Models examining the question which variables cause groups to file briefs were estimated
using the dyad dataset. The case-based dataset, then, was used to analyze questions pertaining to
why cases attract group attention. When the dependent variable was File, which is a dichotomous
variable, a logistic regression was estimated.v To test for robustness, several model specifications
and a Rare Events Logistic Regression (King and Zeng 2001) were also estimated (results not
presented here). When Number was the outcome variable, Negative Binomial and Poisson models
were estimated. When a Negative Binomial regression model was estimated, the results were
substantively indistinguishable, with the values of the over dispersion coefficient, alpha, indicating
that the model would be better estimated using a Poisson regression (Wooldridge 2002).

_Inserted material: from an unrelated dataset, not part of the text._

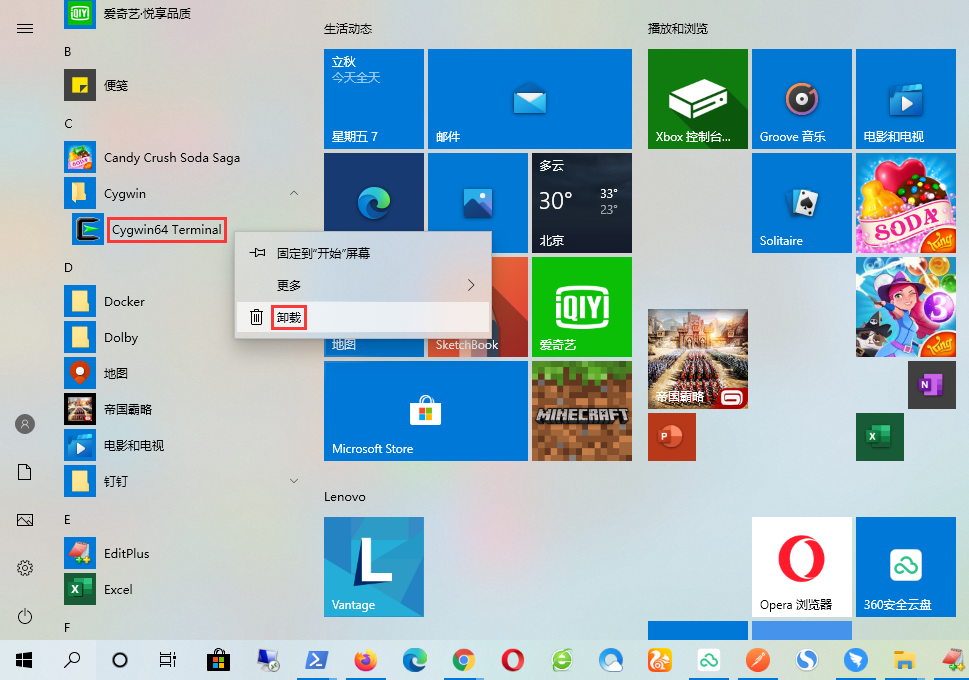 2、在导航中找到 Cygwin64 Terminal,右键 – 卸载。如图2

Accordingly, the results from the Poisson regression are presented. The results of both models
were substantively identical. As with the logistic regression models estimated, to test for
robustness, several model specifications were tested for the Poisson.
The Basic Contours of Amicus Activity
In our sample, the Supreme Court entertained approximately 80 “friends” filing a total of
24 briefs. The total number of amicus curiae participants encompasses 37 individuals acting in
their capacities as senators, judges and military officials, 22 citizen advocacy or public interest
groups, and 9 business, trade, and professional associations. These participants are listed in Table
1. Several cases drew multiple amicus participants. Most notably, a total of 7 amicus briefs
representing well over 15 organized interests were filed in Albuquerque v. Homans, a case
17
addressing mandatory spending limits for mayor and city council in the City of Albuquerque.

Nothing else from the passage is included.